O Evangelho (Jo 15, 9-18) fala-nos de três palavras-chave na nossa vida de discípulos de Jesus: amor, amizade e fruto. A união de Jesus aos discípulos tem de se traduzir numa união entre eles. O amor que Ele mostrou é o modelo e a força que torna possível o amor dos discípulos. Esse amor mútuo é ao mesmo tempo garantia do fruto que têm de obter, que será manifestação da glória do Pai. Este amor leva-os à verdadeira alegria e à verdadeira liberdade: não são servos porque fizeram uma opção livre.
Um sinal de amizade é a confiança, a confidência. Jesus mostrou-se totalmente sincero para eles, sem lhes ocultar nada: “Tudo o que ouvi de meu Pai, eu vo-lo transmiti”.
A comunidade de discípulos, que tem de enfrentar o mundo, está perfeitamente definida pela sua união a Cristo, como os ramos à videira, e entrelaçados no amor.
Foi assim que o Senhor P. Georgino tentou viver a sua vida de sacerdote. Na sua declaração de intenções que confiou ao Reitor do seminário de Aveiro, no dia da Ascensão do Senhor de 2021, escreveu:
“Amo a vida e desejo vivê-la o melhor possível; todavia, não quero que me seja prolongada nem abreviada por meios extraordinários. Se vier a encontrar-me em situação crítica, peço a ajuda das equipas médicas e o conforto da caridade cristã para assumir conscientemente esta minha situação.
À misericórdia de Deus confio o meu futuro.

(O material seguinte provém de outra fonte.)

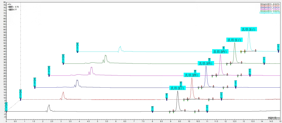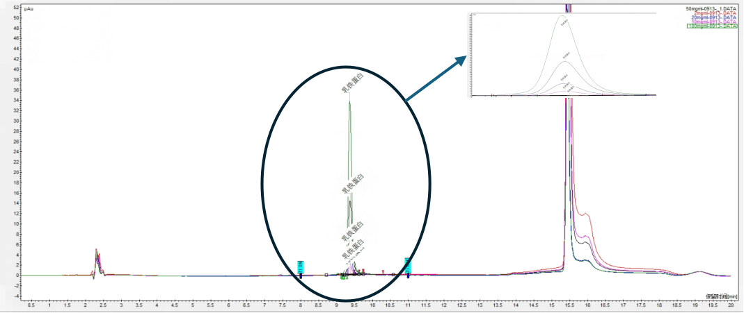 ▲图1 乳铁蛋白50mg/L示例色谱图
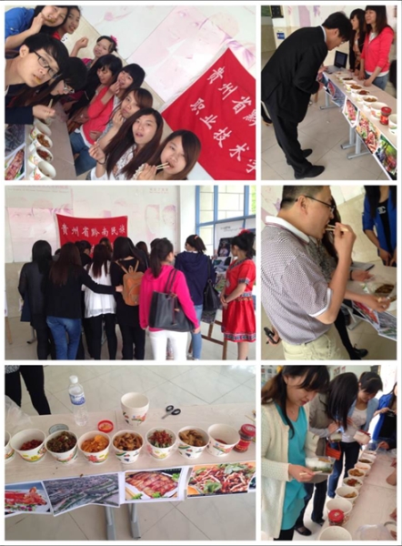 活动中,贵州同学身穿少数民族服饰,展示出了贵州少数民族地区的独特魅力,并通过贵州美食的展示吸引了很多过往员工以及老师的眼球。贵州的饮食让现场老师和同学体验了一把“四川人不怕辣,湖南人辣不怕,贵州人怕不辣”辣香醇厚、味美可口的贵州美食。整个活动过程气氛融洽和谐。
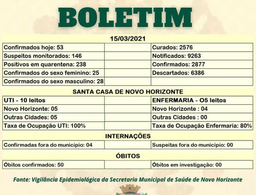 Positivos A Secretaria Municipal de Saúde informa que até às 12h desta terça-feira (16), foram registrados 4.113 casos positivos de Covid-19. Dos casos positivos de Penápolis, 24 pacientes estão internados, 582 pessoas estão em quarentena […]
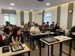يقوم بتقديم الدروس موظفو قسم التبادل المتبادل في مركز التنمية البشرية القرغيزي-الياباني، وهم مواطنون من الجمهورية القرغيزية يمتلكون معرفة عميقة ومهارات عملية في الثقافة اليابانية. ويشارك أيضاً في تقديم الدروس أعضاء نادي الخط الياباني، وبعض موظفي المركز، ومتطوعون يابانيون. المشاركة في الدروس مدفوعة الأجر وتتطلب تسجيلاً مسبقاً.
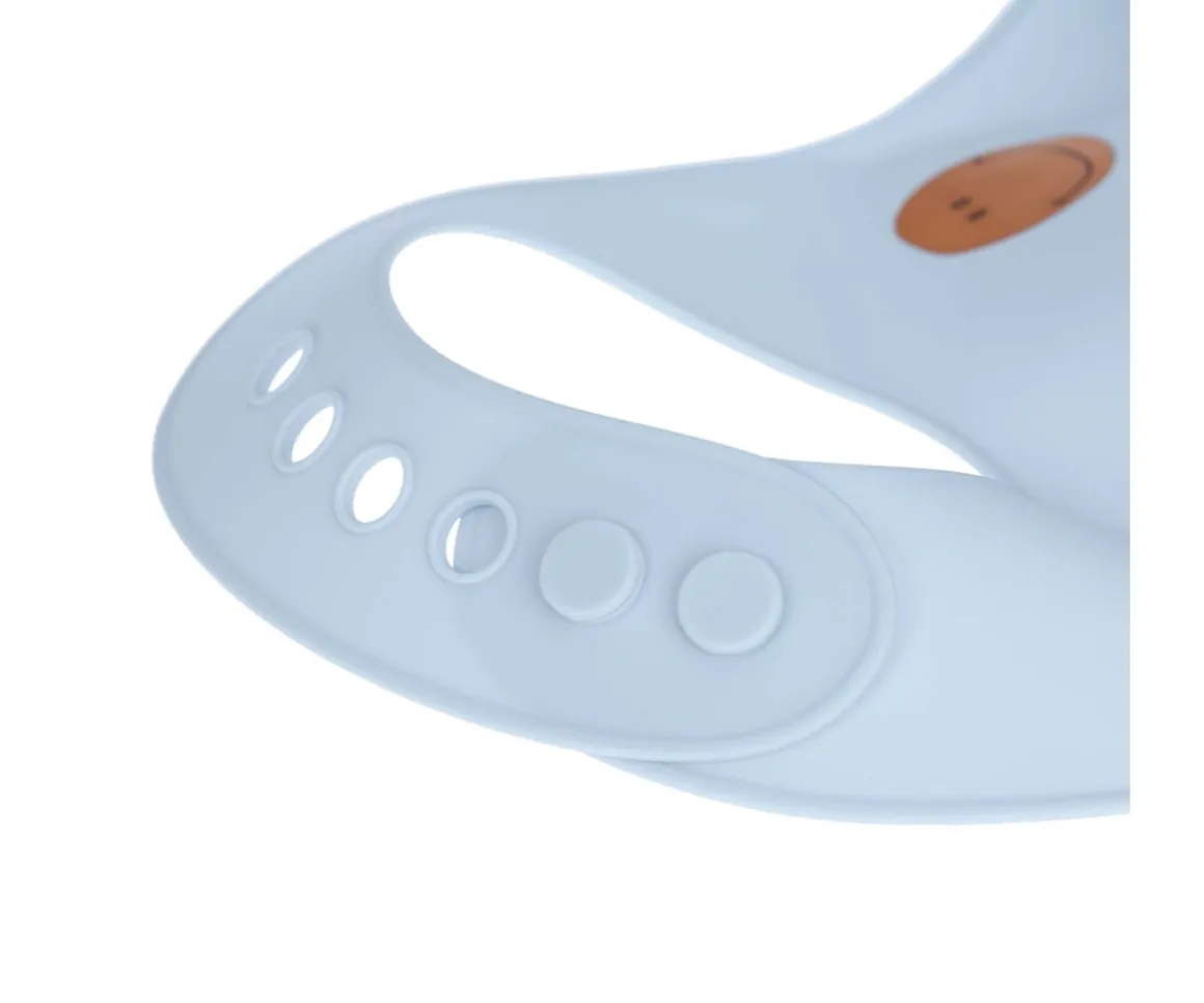 Babero de silicona con un bolsillo recogemigas para evitar que caiga la comida a la ropa.
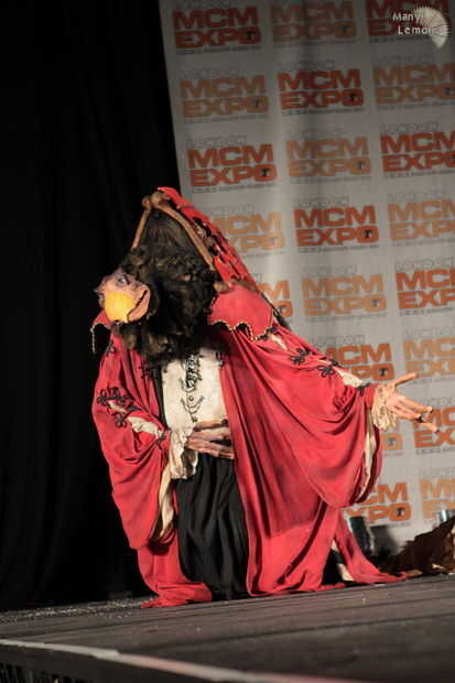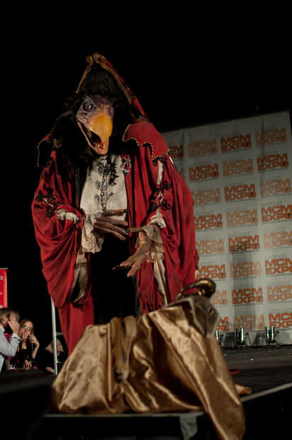 este es mi disfraz de halloween de 2009:Un Skeksis de la película de Jim Henson 1982 el cristal oscuro.Era un traje de cuerpo completo, con títeres de mano cabeza y parpadeo de ojos.Costo est.: $120Peso est.: 9,5 kgTiempo est.: 350 horas y 7 semanasP
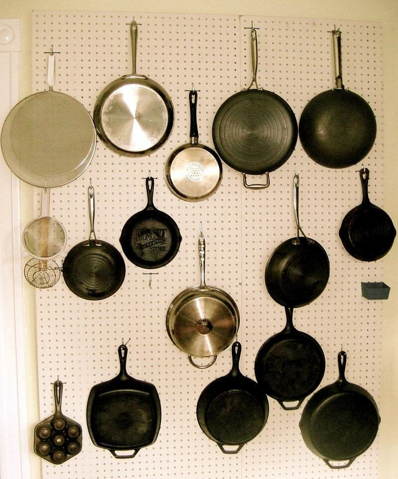 If there is a catastrophic lack of space in the kitchen, but there is a desire to make the storage area as effective as possible, hang a perforated board with removable hooks.
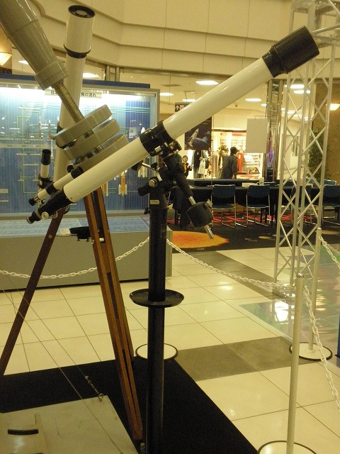 久しぶりの書き込みになってしまいました。ガラクマさんもおっしゃっていますが、この状態での展示は正直もったいないですね。この状態だとなんか(古い)望遠鏡がいっぱい置いてあるで終わってしまっているように感じました。1台ごとにキャプションのボードは、なぜこのイベントに望遠鏡を展示するに至ったかの狙いとかも掲示しないとただの置物ですよね。イベントの性格上現在購入できる機材を展示すべきではないのか等々・・・・すみませんちょっと出すぎました。
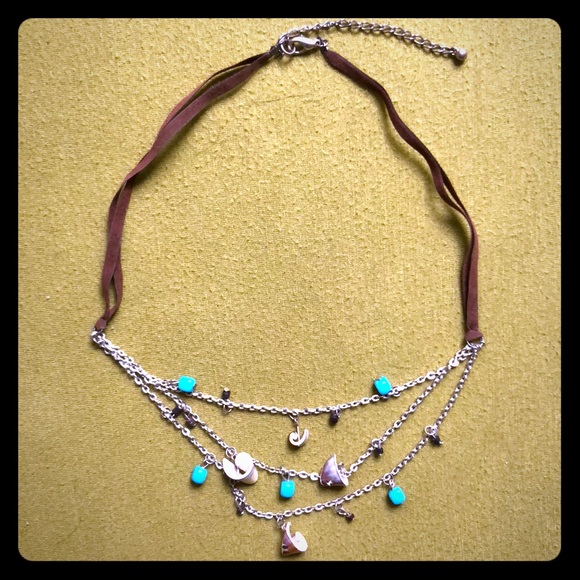 Layered look adjustable brown/ silver necklace with brown/ cream shells and turquoise accents. Make me an offer or hit the bundle button.

De Nossa Senhora, implora a sua bênção de Mãe, dos meus familiares defuntos a sua intercessão valiosa e dos vivos a sua piedosa oração.
Reconheço a dignidade do meu corpo em todos os seus órgãos. Porém, se, após a minha morte clínica comprovada, algum destes órgãos estiver em condições de ser a aplicado a alguém necessitado, cedo-o de boa vontade e deixo à decisão ao bispo de Aveiro ou a quem o representar e à equipa médica que me assistir na fase terminal”
O Padre Georgino natural de Calvão, onde nasceu a 8 de fevereiro de 1941, foi ordenado presbítero na Sé de Aveiro em 1964, por D. Manuel de Almeida Trindade. Inicia a vida pastoral na paróquia de Ílhavo e é diretor do Secretariado diocesano de Pastoral de 1973 a 1999. É doutorado em Teologia – especialidade de Teologia Prática – pela Universidade Pontifícia de Salamanca, em 1990 e posteriormente fez outras especializações na área da gerontologia e Doutrina Social da Igreja. Tirou o mestrado em Doutrina Social da Igreja no Instituto Leon XIII, em Madrid, 2006.
Lecionou na Universidade Católica Portuguesa e em vários Institutos Superiores de Ensino Teológico. Foi Vigário Pastoral e Pró-Vigário Geral da Diocese de Aveiro, exercendo várias funções sobretudo na área da cultura e dos direitos humanos. Dirige a revista “Igreja Aveirense” desde 2004.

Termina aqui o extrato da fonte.